> **EXERCISE AIM**
All the lines below need to be transcribed exactly. Pictures get left out.

(Beginning of PROVIDED RECORDS)

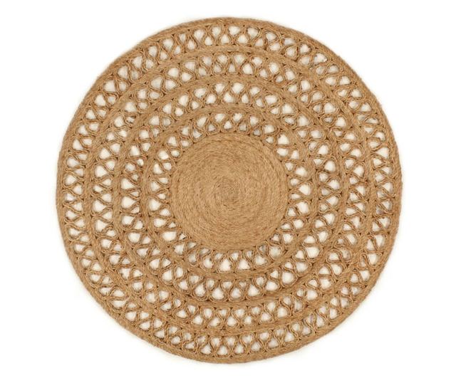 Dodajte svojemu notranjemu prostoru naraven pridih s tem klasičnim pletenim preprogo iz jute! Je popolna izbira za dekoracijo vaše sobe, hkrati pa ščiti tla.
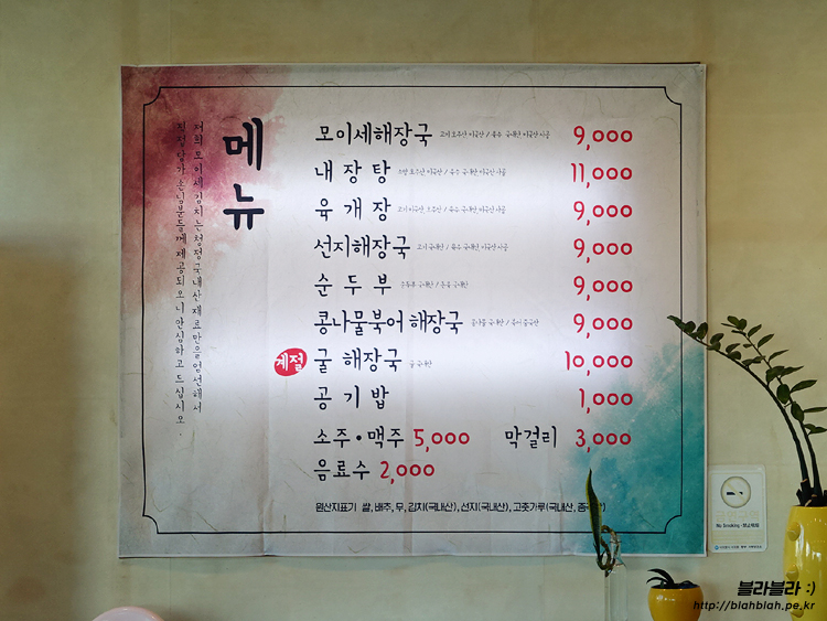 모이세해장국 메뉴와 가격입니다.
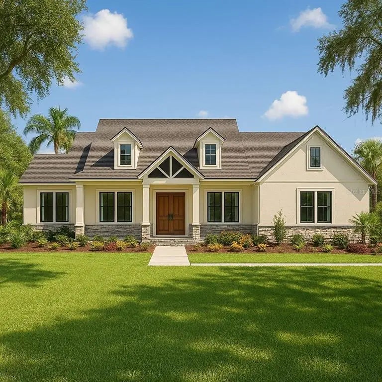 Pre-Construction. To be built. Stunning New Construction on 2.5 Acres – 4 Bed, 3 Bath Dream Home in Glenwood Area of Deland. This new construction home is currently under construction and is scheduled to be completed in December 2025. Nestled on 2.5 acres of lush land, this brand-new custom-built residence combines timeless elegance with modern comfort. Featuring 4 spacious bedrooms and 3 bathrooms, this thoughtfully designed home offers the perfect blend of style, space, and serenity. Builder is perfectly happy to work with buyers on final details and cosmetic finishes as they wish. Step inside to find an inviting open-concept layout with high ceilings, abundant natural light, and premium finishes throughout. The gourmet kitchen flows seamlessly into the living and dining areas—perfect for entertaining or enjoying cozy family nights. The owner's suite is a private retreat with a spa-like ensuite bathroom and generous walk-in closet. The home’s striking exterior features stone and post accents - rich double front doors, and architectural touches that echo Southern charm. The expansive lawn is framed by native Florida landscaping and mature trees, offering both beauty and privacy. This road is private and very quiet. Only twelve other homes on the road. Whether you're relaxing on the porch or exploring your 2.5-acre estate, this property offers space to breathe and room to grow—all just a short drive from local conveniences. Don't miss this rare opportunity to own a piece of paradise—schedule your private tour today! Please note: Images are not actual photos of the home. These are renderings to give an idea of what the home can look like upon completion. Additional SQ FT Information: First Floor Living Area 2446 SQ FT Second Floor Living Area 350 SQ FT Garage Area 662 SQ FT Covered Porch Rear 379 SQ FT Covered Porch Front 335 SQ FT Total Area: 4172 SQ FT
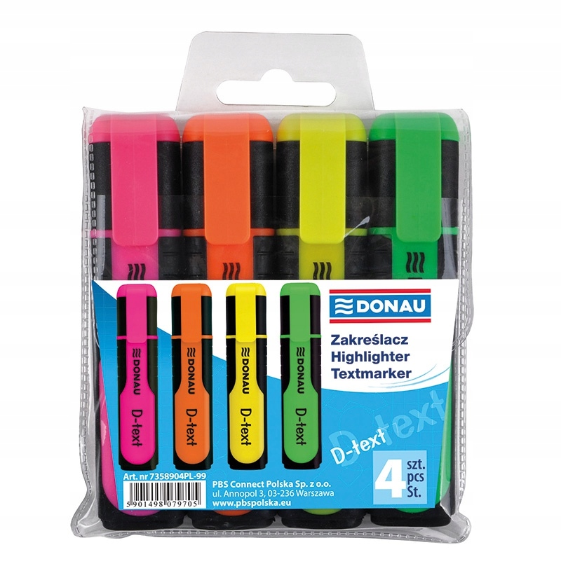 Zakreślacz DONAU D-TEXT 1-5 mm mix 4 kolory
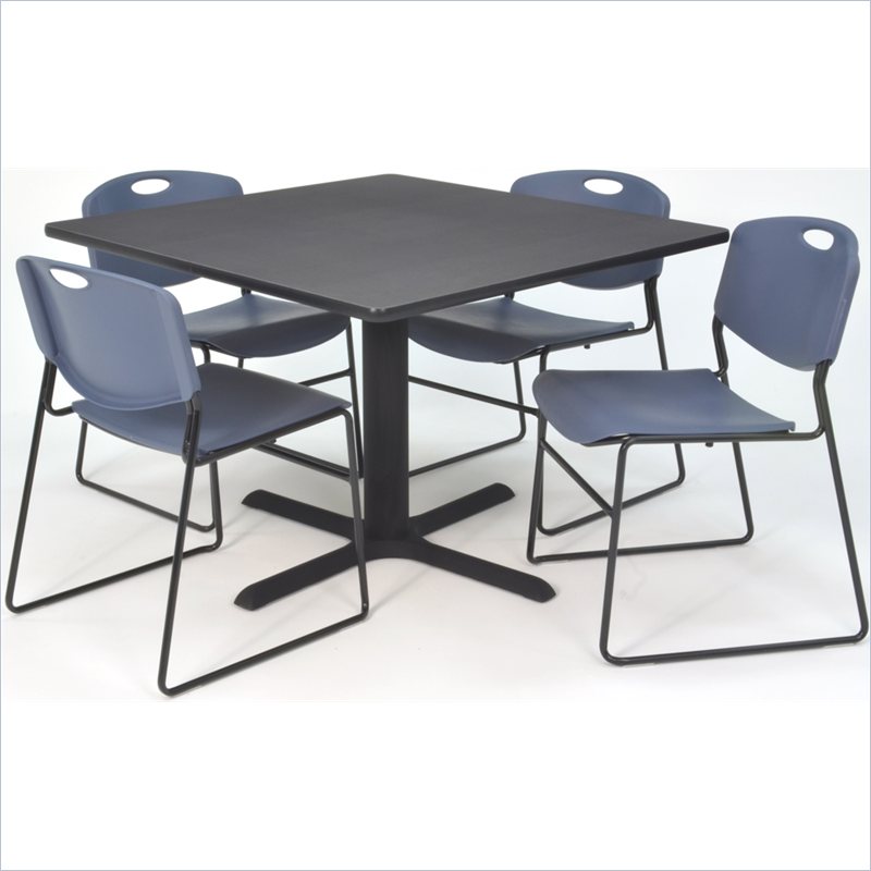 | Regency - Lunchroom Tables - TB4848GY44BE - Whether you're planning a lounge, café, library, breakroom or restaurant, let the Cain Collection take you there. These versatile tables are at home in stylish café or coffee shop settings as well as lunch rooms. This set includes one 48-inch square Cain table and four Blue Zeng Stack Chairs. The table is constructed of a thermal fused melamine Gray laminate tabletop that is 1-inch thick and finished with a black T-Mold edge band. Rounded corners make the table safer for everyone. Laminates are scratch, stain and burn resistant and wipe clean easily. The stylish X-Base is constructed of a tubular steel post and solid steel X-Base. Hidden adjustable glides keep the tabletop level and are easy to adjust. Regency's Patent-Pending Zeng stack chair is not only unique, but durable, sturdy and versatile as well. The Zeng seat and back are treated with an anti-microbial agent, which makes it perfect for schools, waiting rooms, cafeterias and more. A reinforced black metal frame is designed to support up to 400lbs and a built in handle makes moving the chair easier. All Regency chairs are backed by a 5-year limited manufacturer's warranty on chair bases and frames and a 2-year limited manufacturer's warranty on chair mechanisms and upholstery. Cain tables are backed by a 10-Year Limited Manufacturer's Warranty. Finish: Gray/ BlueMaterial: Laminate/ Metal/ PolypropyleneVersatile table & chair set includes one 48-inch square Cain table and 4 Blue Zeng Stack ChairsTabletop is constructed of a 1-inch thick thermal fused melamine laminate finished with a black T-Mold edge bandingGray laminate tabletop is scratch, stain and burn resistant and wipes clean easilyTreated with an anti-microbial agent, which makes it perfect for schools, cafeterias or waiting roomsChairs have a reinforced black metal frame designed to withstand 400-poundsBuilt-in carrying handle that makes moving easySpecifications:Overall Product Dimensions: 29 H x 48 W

(End of PROVIDED RECORDS)

> **RESPONSE AREA**
 Dodajte svojemu notranjemu prostoru naraven pridih s tem klasičnim pletenim preprogo iz jute! Je popolna izbira za dekoracijo vaše sobe, hkrati pa ščiti tla.
 모이세해장국 메뉴와 가격입니다.
 Pre-Construction. To be built. Stunning New Construction on 2.5 Acres – 4 Bed, 3 Bath Dream Home in Glenwood Area of Deland. This new construction home is currently under construction and is scheduled to be completed in December 2025. Nestled on 2.5 acres of lush land, this brand-new custom-built residence combines timeless elegance with modern comfort. Featuring 4 spacious bedrooms and 3 bathrooms, this thoughtfully designed home offers the perfect blend of style, space, and serenity. Builder is perfectly happy to work with buyers on final details and cosmetic finishes as they wish. Step inside to find an inviting open-concept layout with high ceilings, abundant natural light, and premium finishes throughout. The gourmet kitchen flows seamlessly into the living and dining areas—perfect for entertaining or enjoying cozy family nights. The owner's suite is a private retreat with a spa-like ensuite bathroom and generous walk-in closet. The home’s striking exterior features stone and post accents - rich double front doors, and architectural touches that echo Southern charm. The expansive lawn is framed by native Florida landscaping and mature trees, offering both beauty and privacy. This road is private and very quiet. Only twelve other homes on the road. Whether you're relaxing on the porch or exploring your 2.5-acre estate, this property offers space to breathe and room to grow—all just a short drive from local conveniences. Don't miss this rare opportunity to own a piece of paradise—schedule your private tour today! Please note: Images are not actual photos of the home. These are renderings to give an idea of what the home can look like upon completion. Additional SQ FT Information: First Floor Living Area 2446 SQ FT Second Floor Living Area 350 SQ FT Garage Area 662 SQ FT Covered Porch Rear 379 SQ FT Covered Porch Front 335 SQ FT Total Area: 4172 SQ FT
 Zakreślacz DONAU D-TEXT 1-5 mm mix 4 kolory
 | Regency - Lunchroom Tables - TB4848GY44BE - Whether you're planning a lounge, café, library, breakroom or restaurant, let the Cain Collection take you there. These versatile tables are at home in stylish café or coffee shop settings as well as lunch rooms. This set includes one 48-inch square Cain table and four Blue Zeng Stack Chairs. The table is constructed of a thermal fused melamine Gray laminate tabletop that is 1-inch thick and finished with a black T-Mold edge band. Rounded corners make the table safer for everyone. Laminates are scratch, stain and burn resistant and wipe clean easily. The stylish X-Base is constructed of a tubular steel post and solid steel X-Base. Hidden adjustable glides keep the tabletop level and are easy to adjust. Regency's Patent-Pending Zeng stack chair is not only unique, but durable, sturdy and versatile as well. The Zeng seat and back are treated with an anti-microbial agent, which makes it perfect for schools, waiting rooms, cafeterias and more. A reinforced black metal frame is designed to support up to 400lbs and a built in handle makes moving the chair easier. All Regency chairs are backed by a 5-year limited manufacturer's warranty on chair bases and frames and a 2-year limited manufacturer's warranty on chair mechanisms and upholstery. Cain tables are backed by a 10-Year Limited Manufacturer's Warranty. Finish: Gray/ BlueMaterial: Laminate/ Metal/ PolypropyleneVersatile table & chair set includes one 48-inch square Cain table and 4 Blue Zeng Stack ChairsTabletop is constructed of a 1-inch thick thermal fused melamine laminate finished with a black T-Mold edge bandingGray laminate tabletop is scratch, stain and burn resistant and wipes clean easilyTreated with an anti-microbial agent, which makes it perfect for schools, cafeterias or waiting roomsChairs have a reinforced black metal frame designed to withstand 400-poundsBuilt-in carrying handle that makes moving easySpecifications:Overall Product Dimensions: 29 H x 48 W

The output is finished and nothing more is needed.